Additionally, it is our position that the payments made to the V.N. Group are payments made for the benefit of the seller. As stated by Hardtke, K&W hired the V.N. Group to “look after” VT’s production of the leather which involved services rendered for tanning and dyeing. These services assist the seller, VT, in its production of the leather. The payments made by Hardtke to the V.N. Group at the instruction of Tropical/K&W are included in transaction value as part of the price actually paid or payable because they are payments made by the buyer for the benefit of the seller.
HOLDING:
Based on the evidence presented, a bona fide sale between VT and Tropical/K&W does not exist. The transaction value is based on the price the importer, Hardtke, paid for the imported merchandise. The evidence submitted is insufficient to support a finding that Tropical/K&W is Hardtke’s buying agent.

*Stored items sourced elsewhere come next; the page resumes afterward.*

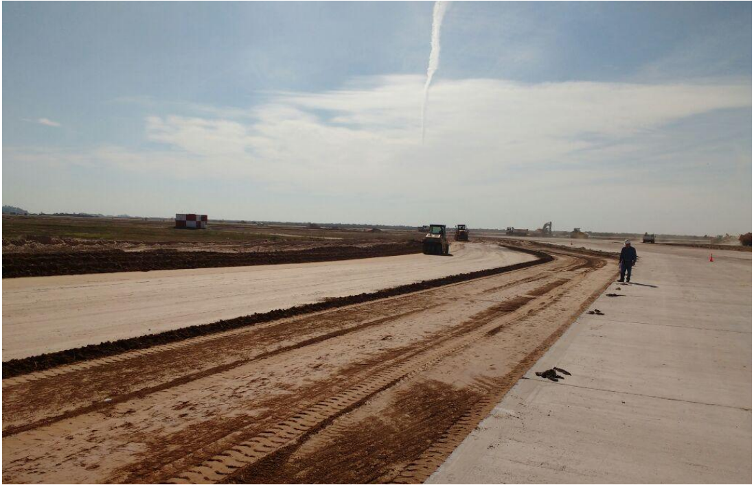
Figura N° 4: compactación de la base de asiento.
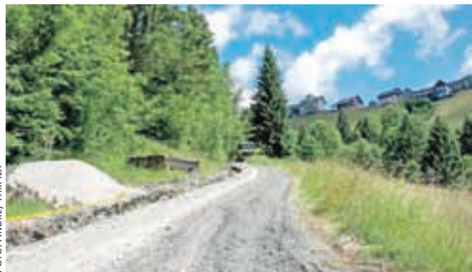
Cesto skozi Soriški potok bodo asfaltirali ta teden.
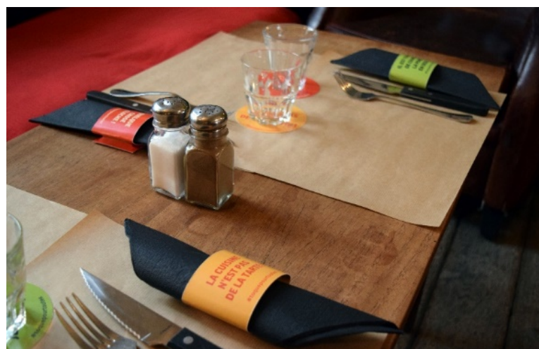
Fig. 1: Portatovaglioli e sottobicchieri riportanti gli slogan e i testi della campagna di sensibilizzazione

Le frasi sono riprese per caratterizzare portatovaglioli e sottobicchieri utilizzabili presso i ristoranti (fig. 4 e 5).
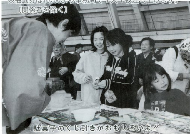
駄菓子のかじり引きがおもしろいよ!!
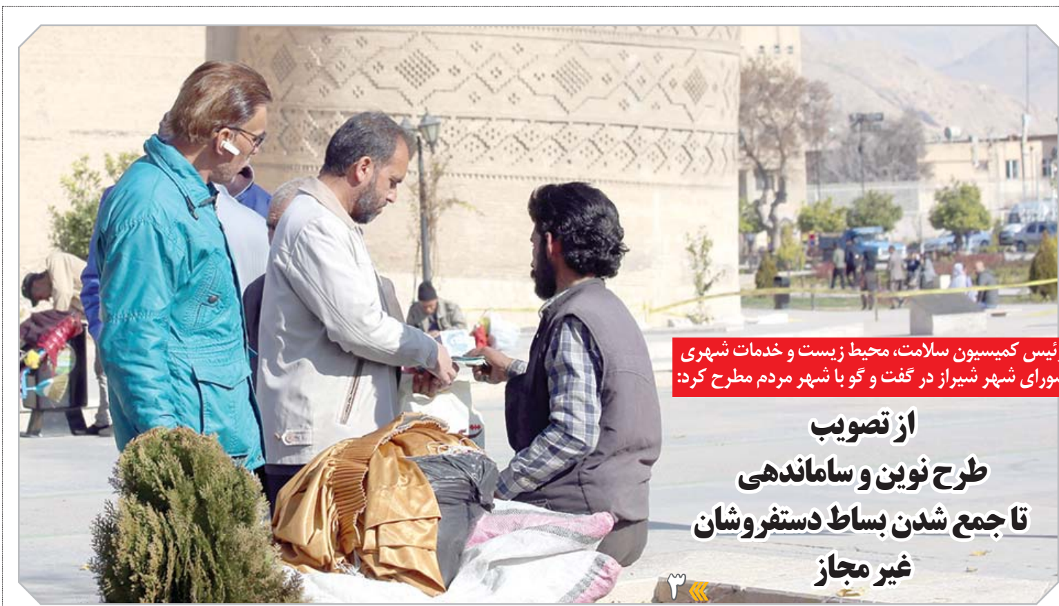
رئیس کمیسیون سلامت، محیط زیست و خدمات شهری شورای شهر شیراز در گفت و گو با شهر مردم مطرح کرد:

از تصویب طرح نوین و ساماندهی تا جمع شدن بساط دستفروشان غیر مجاز

Therefore, we conclude that the fees paid do not constitute bona fide buying commissions and are, therefore, included in the transaction value of the imported merchandise. The payments made by Hardtke to the V.N. Group at the instruction of Tropical/K&W are included in transaction value as part of the price actually paid or payable because they are payments made by the buyer for the benefit of the seller.
This Protest should be DENIED. In accordance with Section 3A(11)(b) of Customs Directive 099 3550-065 dated August 4, 1993, Subject: Revised Protest Directive, you are to mail this decision, together with the Customs Form 19, to the protestant no later than 60 days from the date of this letter. Any reliquidation of the entry or entries in accordance with the decision must be accomplished prior to mailing the decision.
Sixty days from the date of the decision the Office of Regulations and Rulings will make the decision available to Customs personnel, and to the public on customs Home Page on the World Wide, Web at www.customs.ustreas.gov, by means of the Freedom of Information Act, and other methods of public distribution.